ST. LOUIS — By the time the NFL announced Isaiah Pead would miss the first game of the 2013 season for violating the league’s substance abuse policy, the second-year running back was already out of Jeff Fisher’s doghouse.

“It will not,” Fisher said Thursday afternoon when asked if the suspension will adversely affect Pead’s chances to earn reps in the St. Louis backfield.

“Not whatsoever,” Fisher said. “There’s a great competition there. He’s not going to be penalized, as far as reps and carries during the preseason. We’re getting ready for a long haul, and we will be without him for one week — which we understand — but it doesn’t complicate things.”

Pead, a second-round draft pick in 2012, carried the ball 10 times for 54 yards as a rookie last season. He is currently competing with fellow second-year back Daryl Richardson and rookie Zac Stacy for time behind Rams quarterback Sam Bradford.

Fisher said he and the team learned of Pead’s violation long before the NFL made the news public knowledge.

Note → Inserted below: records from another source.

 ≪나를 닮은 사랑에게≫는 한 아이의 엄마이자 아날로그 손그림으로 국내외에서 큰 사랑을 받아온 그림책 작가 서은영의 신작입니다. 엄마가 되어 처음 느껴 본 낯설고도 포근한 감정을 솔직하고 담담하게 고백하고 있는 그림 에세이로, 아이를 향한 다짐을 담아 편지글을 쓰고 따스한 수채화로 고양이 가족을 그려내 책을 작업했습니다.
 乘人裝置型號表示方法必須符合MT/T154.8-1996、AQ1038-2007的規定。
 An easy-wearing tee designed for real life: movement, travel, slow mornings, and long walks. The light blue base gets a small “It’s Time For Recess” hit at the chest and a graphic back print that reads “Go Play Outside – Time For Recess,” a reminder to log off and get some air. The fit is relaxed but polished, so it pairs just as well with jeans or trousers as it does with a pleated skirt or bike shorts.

“We were aware of it for quite some time,” Fisher said. “This was an incident that took place last summer. We dealt with it at that point, knowing that the league was probably going to follow up … There’s been so much time between the incident and where he is at now, I believe it is behind him. He obviously has to suffer the consequences and miss the game. But I’m pleased with how he’s bounced back, and his professional approach to being a member of the team this year.”

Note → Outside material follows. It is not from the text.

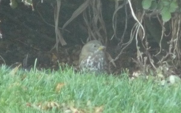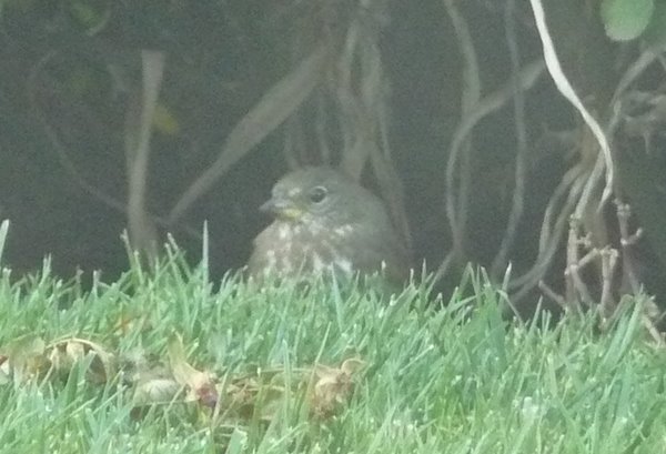 Scratch, scratch, scratch... We've got a Sooty Fox Sparrow in our backyard and it's doing what it does best, the Fox Sparrow shuffle. This bird has a dark brown head and back (no streaks), and mostly dark-brown-splotched breast. The lower mandible is yellow and so is the base of the upper mandible. Sooty is the race that breeds from Coastal British Columbia to the Aleutians. We think this bird is of the lighter-brown unalascensis group that breeds from the Aleutians to the northern Alaskan panhandle.

Pead is the second Rams player to be suspended recently for violating the substance abuse policy. Offensive lineman Rokevious Watkins will also miss the Rams’ first game. Fisher has said multiple times he disagrees with that suspension. Last year, Fisher suspended cornerback Janoris Jenkins and wide receiver Chris Givens for one game each. Those suspensions, a result of the players violating team rules, were not mandated by the NFL.

During an interview with FOX Sports Midwest on Tuesday, Fisher spoke at length about the suspensions of Pead and Watkins, along with the discipline of his football team.

“We — in a lot of ways — addressed it [Pead’s violation] last summer when the issue took place, knowing this would probably be the result. This thing has taken a long time. In a lot of ways, Isaiah has put this behind him. He’s learned from his choices, and I don’t expect it to happen again. I think we can use it as an example. Now, with respect to Rokevious, I still respectfully disagree with that decision to suspend him, and the circumstances regarding it. But we have no choice. The league is standing behind that decision. This stuff about lack of discipline in the football team, I made the choice to sit the other two players. They didn’t break any laws or anything like that. Those were club rules. We have the opportunity to discipline our players outside of the league. With that being said, as far as I’m concerned, we’ve had, basically, one major issue. It was a one-game suspension, and he’s learned from it.”


Most NFL teams will undergo a full-squad minicamp in June. The Rams, however, will opt out and give players a week off after organized team activities. Fisher made the decision, and his players support it.

“To be honest, we get the same work done at an OTA as we do at a minicamp,” Rams quarterback Sam Bradford said. “We are allowed to be here a little longer, so we can meet longer. I think coach Fisher knows exactly what he’s doing. If he thought we needed the minicamp, we would be here. But the way we’ve been able to come out and get work done during OTAs, I think we will get just as much accomplished.”


Bradford was at his Oklahoma City home when the deadly tornado on May 20 tore through the nearby city of Moore, Okla.

Upon returning for Rams OTAs, the quarterback partnered with the city of St. Louis to provide help. When asked Thursday about the #STL 4OKC donation drive that shipped money and goods to those affected in Oklahoma City, Bradford said the results were impressive.

“I think they collected over 80,000 pounds of goods,” Bradford said. “I think they raised over $15,000 in donations at the site. It was extremely successful, and I want to thank everyone, again, for what they were able to do.”

Bradford was also home last Friday, when another deadly EF5 tornado tore through the Oklahoma City area — the second in less than two weeks.

“Hopefully, they’re done now,” Bradford said.